First, eminent domain can be used to acquire all species of private property, not just land.
Second, when property is taken by eminent domain, the condemnor does not get to set the price unilaterally. The owners who are dissatisfied with a condemnor’s offer or deposit, can litigate over value, and can put on testimony by their own appraisers.
Third, in most states, value is determined by a jury (except in New York, Connecticut and Rhode Island). In some states there is an intermediate step in the process of valuation: before going to court the valuation evidence of both parties is heard by “Commissioners,” lay individuals selected for the job. In federal law, there is no right to a jury, but under Federal Rule of Civil Procedure 71A, valuation cases are usually tried to juries, although federal judges can appoint Commissioners instead. In Florida, that practice has been frequently abused by federal judges — which is another story, too complicated to go into here. But if you want to know, check out the Formatora case decided by the 5th Circuit.
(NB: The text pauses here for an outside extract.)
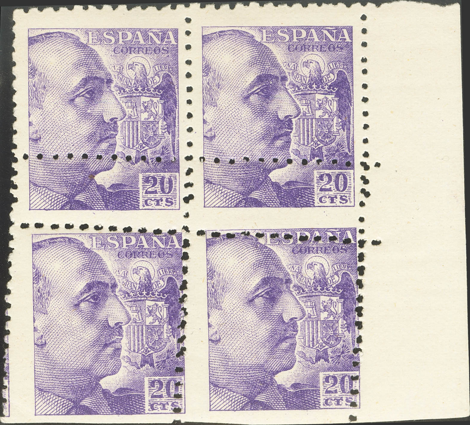 ★★/★ 922dd(4). 1939. 20 cts violet, block of four. DOUBLE TOOTH. MAGNIFICENT.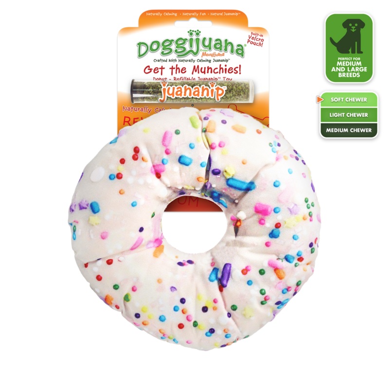 Who says donuts are just for breakfast? The Doggijuana Sprinkle Donut Plush Toy is the sweetest way to treat your pup any time of day! Perfectly sized for medium and large breeds who love a soft chew, this playful donut is topped with colorful sprinkles an

Fourth, in the proposed takings of “underwater” mortgages, the right to take can probably be established under existing federal constitutional law, but query whether states will go along with it. A definite maybe, because among other things, a number of states have modified their law after Kelo to limit the exercise of eminent domain when it is sought to be used to transfer private property from one private owner to another.
Fifth, the big problem is how to value those mortgages, and here is where it gets complicated, because the people behind this caper want to pick low-hanging fruit by condemning only those “underwater” mortgages that are current — i.e., those where the homeowners-borrowers are continuing to make regular payments on their loans. This process is vastly different in the United States, and loans in Sweden or similar countries, while still defaulted on, have a much lower rate due to the more stringent requirements imposed upon borrowers. Obviously, mortgages like that are more valuable than those in which the borrowers have defaulted. Also, if a particular mortgage has been “bundled” with others and put up as security for a mortgage-backed bond, the problems multiply, because it seems clear that the bondholders will claim [severance] damages to their remaining property, i.e., the uncondemned, remaining mortgages in the “bundle.” See United States Trust v. New Jersey.
Last, some of the reporters and on-line posters do not understand the difference between San Bernardino County (which is behind this caper) and the City of San Bernardino which is in bankruptcy.
These observations are not intended, and cannot in this limited space, give a detailed picture of what this caper portends. So if you want to be informed, be careful about what you read in the papers, as the old expression goes, and take the time and effort to inform yourself.
Follow up. We just came across a not-so-old news item reporting that 9 out of 10 home mortgages are held or insured by federal government entities, most of them by Fannie and Freddie. Roger Lowenstein, Cracked Foundation, N.Y. Times, April 25, 2010, at p. 11. Good luck on a one-horse county’s attempt to condemn those!